BEGIN
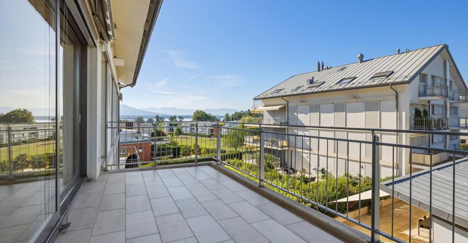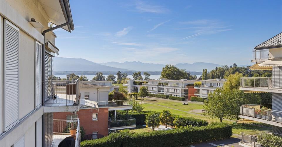 Idéalement situé sur la rive vaudoise du lac Léman, entre Genève et Nyon, Coppet est un charmant bourg historique qui séduit par son cadre de vie unique. Réputé pour son atmosphère paisible et son patrimoine architectural remarquable, le village allie tradition et modernité. Son cœur médiéval, dominé par le célèbre Château de Coppet, ancienne demeure de Madame de Staël, offre des ruelles pittoresques bordées de maisons anciennes, de cafés et de petites boutiques. Le port, ses quais fleuris et ses vues exceptionnelles sur le lac et le Mont-Blanc confèrent au lieu une douceur de vivre incomparable. Grâce à sa proximité avec Genève (15 minutes en train, gare de Coppet accessible à pied), Coppet bénéficie d’une situation privilégiée pour les familles, les actifs et les amoureux de la nature. Les habitants profitent de nombreuses infrastructures, d’écoles de qualité, de restaurants, de médecins ainsi que d’un environnement préservé mêlant lac, vignes et collines verdoyantes. Véritable joyau de la Côte vaudoise, Coppet offre une qualité de vie rare, entre patrimoine, tranquillité et dynamisme. Résidence prisée – Domaine des Perrières Situé au 3ème étage, ce charmant appartement offre des espaces bien agencés et un confort optimal : – Hall d’entrée avec placards intégrés – Cuisine équipée ouverte sur un agréable séjour – Salon lumineux donnant accès à un grand balcon – Salle de bains avec colonne lave-linge/sèche-linge – Chambre à coucher avec dressing et coffre-fort intégré Annexes : – Grande cave – Casier à vin privatif dans une cave commune climatisée – Box fermé avec porte automatique
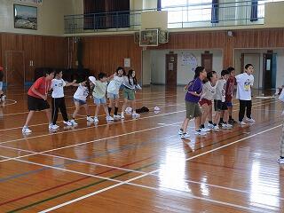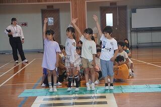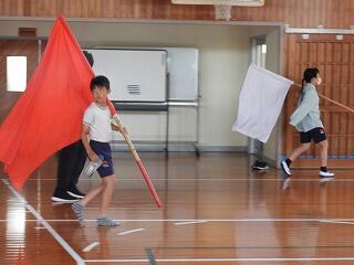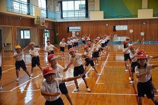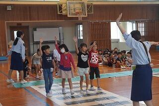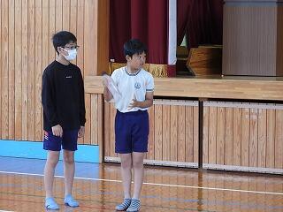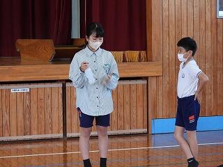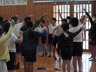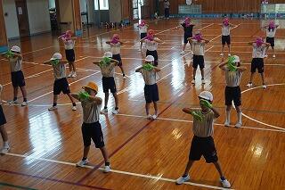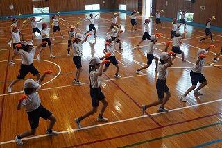 学年では、雨のため運動場が使えないので、体育館でできる表現の練習をがんばっていました。
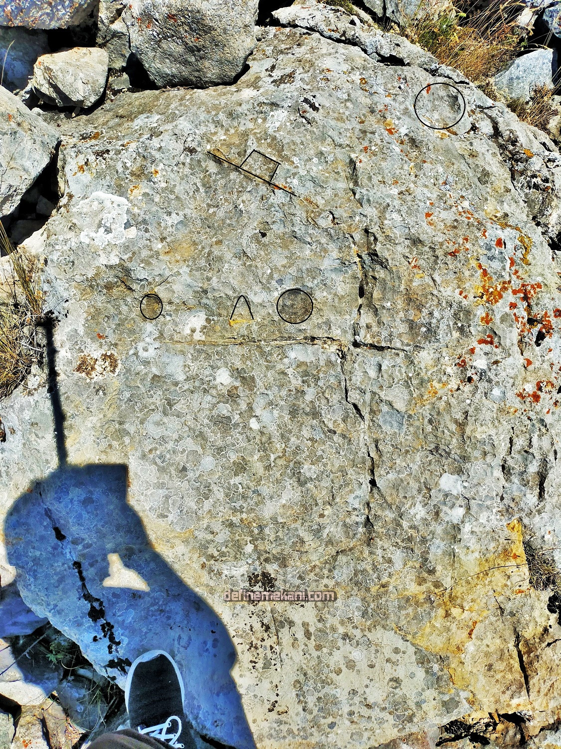 Söylediğim noktayı incele resimle oda olacak onu ve isaretini gormem lazım üzerinde oda işareti olan kaya olacak orada . Kale ise bir tane kayanin uzerini cekerek birsey gostermek olmaz. Etrafi degisik yonleri durdugu yerden ratgele resim bile cekse bir şeyler yakalariz bellimi olur
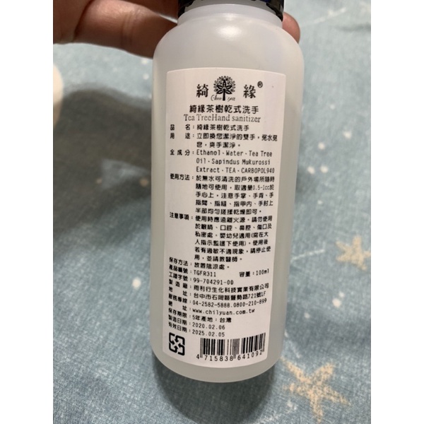 綺緣-茶樹乾式洗手凝露100ml,效期2025/2/5
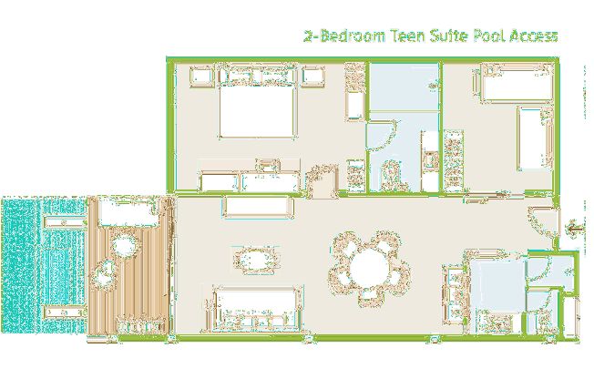 - 4 номера 2-Bedroom Teen Suite Pool Access (90 м², макс. 2+3 до 18 лет).
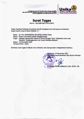 Utami, Margaretha Sih Setija Kesehatan Jiwa Saat Pandemi. Suara Merdeka.
END
### Task brief
Copy exactly, and copy only, the lines from the one bearing "綺緣-茶樹乾式洗手凝露100ml,效期2025/2/5" through the closing line of the material, with both ends kept and pictures removed.

### Reply to the exercise
 綺緣-茶樹乾式洗手凝露100ml,效期2025/2/5
 - 4 номера 2-Bedroom Teen Suite Pool Access (90 м², макс. 2+3 до 18 лет).
 Utami, Margaretha Sih Setija Kesehatan Jiwa Saat Pandemi. Suara Merdeka.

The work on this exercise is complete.